Thank you for your advice!

The lid is on about 80% of the way most of the day because the humidity drops so fast here. I'm actually about to drill a few holes in it now so I can keep it on all the way and keep up the humidity to 50%.
I've been waiting for my weeds to grow so I could put some inside without him mowing them all down, but I'll look into hardier plants I can put inside that he can use for coverage but would be less interested in eating.
I think I also might start putting him outside closer to 2-3pm so it's not so hot. The 65W bulb I got doesn't get hot enough unless I bring it really close down, so I might look into getting a CHE as well.

I read that the soak water should be 85-95, should I be keeping it consistently at 95 or could I afford to go higher? I feel bad constantly handling him to change out the water, I feel like I already handle him too much.


----------



## wellington (May 22, 2021)

With basking temps being 95-100 I wouldnt do soak water under 95. 85 is a bit cold. I have my hot tub in summer at 85 and it's cool. It should be warm soak. 
Be sure to line the rim of the holes you cut into the box lid with tin foil/aluminum foil so there is no risk of melting the lid and starting a fire.
Yea you don't want the bulb too close or it will just dry his shell and/or burn it.


----------



## KarenSoCal (May 23, 2021)

I'm curious...in the morning when he's still in his burrow, why do you get him up? Have you tried letting him sleep until he gets up on his own?

When I got my star tortoise, he slept about 22 out of 24 hours.
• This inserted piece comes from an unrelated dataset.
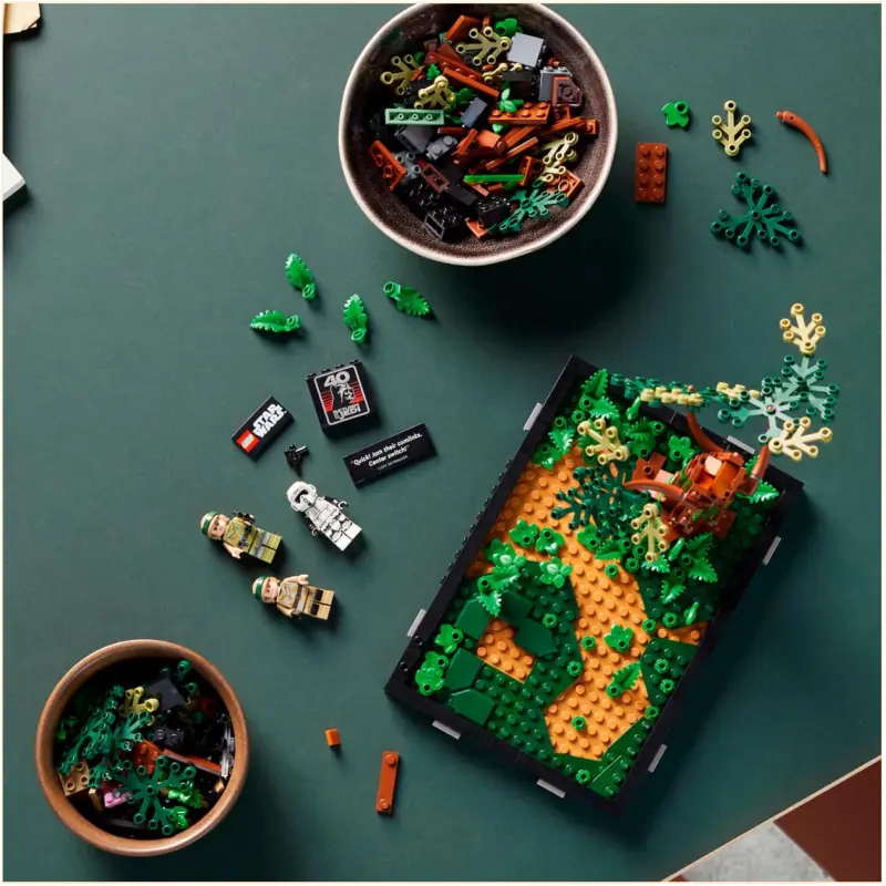 Za dodatnu atmosferu, set uključuje i 2 sklopiva stabla koja će kreirati autentičan okoliš Endora. A tu su i novi elementi paprati koji će dodati svježinu svakoj igri. Ovaj set je istinski posvećen detaljima i vjernosti filmu Ratovi zvijezda: Povratak Jedija.

I'd get him up in late morning (I'm a night owl so I'm not up early), try to feed him, and he'd go back to sleep until early evening. Then he would stay up for a couple hours, eat, soak, and back to bed.

I finally figured out that his schedule was more like mine than other torts. He's also a night owl. Once I stopped getting him awake every morning, he settled into a routine of his choosing, and it works out great for us.
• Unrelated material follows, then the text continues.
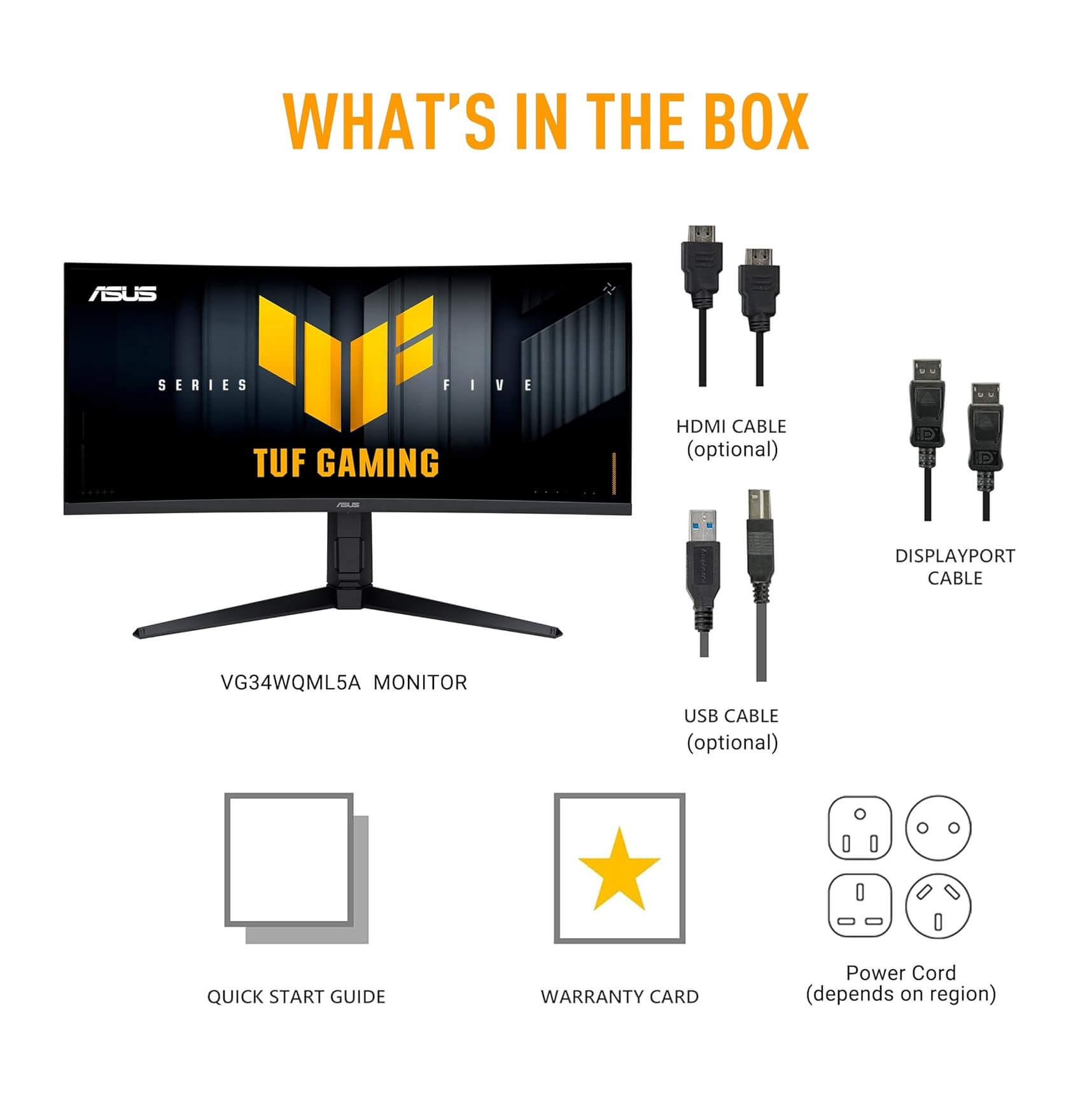 TUF Gaming VG34WQML5A is a 34-inch Ultra Wide QHD (3440 x 1440) 1500R curved gaming monitor that delivers five advanced upgrades for top-tier gaming. It features a lightning-fast 250 Hz refresh rate (OC) and 0.5-millisecond response time.

Maybe try letting him get into his own schedule so you don't have to keep waking him.

Re' foods to grow, endive or escarole would be great. They are excellent foods, along with safe flowers and the seed mix from Tortoise Supply. If you can find any of the weeds that are safe for torts, you could grow them. Weed seeds are available to buy...if you're interested, I'll do a search for the place another member recommended to me.


----------



## snailpeekoutofshell (May 23, 2021)

KarenSoCal said:


> I'm curious...in the morning when he's still in his burrow, why do you get him up? Have you tried letting him sleep until he gets up on his own?
> 
> When I got my star tortoise, he slept about 22 out of 24 hours. I'd get him up in late morning (I'm a night owl so I'm not up early), try to feed him, and he'd go back to sleep until early evening. Then he would stay up for a couple hours, eat, soak, and back to bed.
> 
> ...


Thank you! I kept seeing the words endive and escarole and because I didn’t know what they were I guess I just kept forgetting about them. I’ll be sure to get some seeds  I was also looking at the clover mix from Tortoise Supply. I’m very interested to see where else others get their seeds from, I was looking at some from Carolina Pet Supply as well. I would really like him to have a varied diet where he can graze and choose what he likes.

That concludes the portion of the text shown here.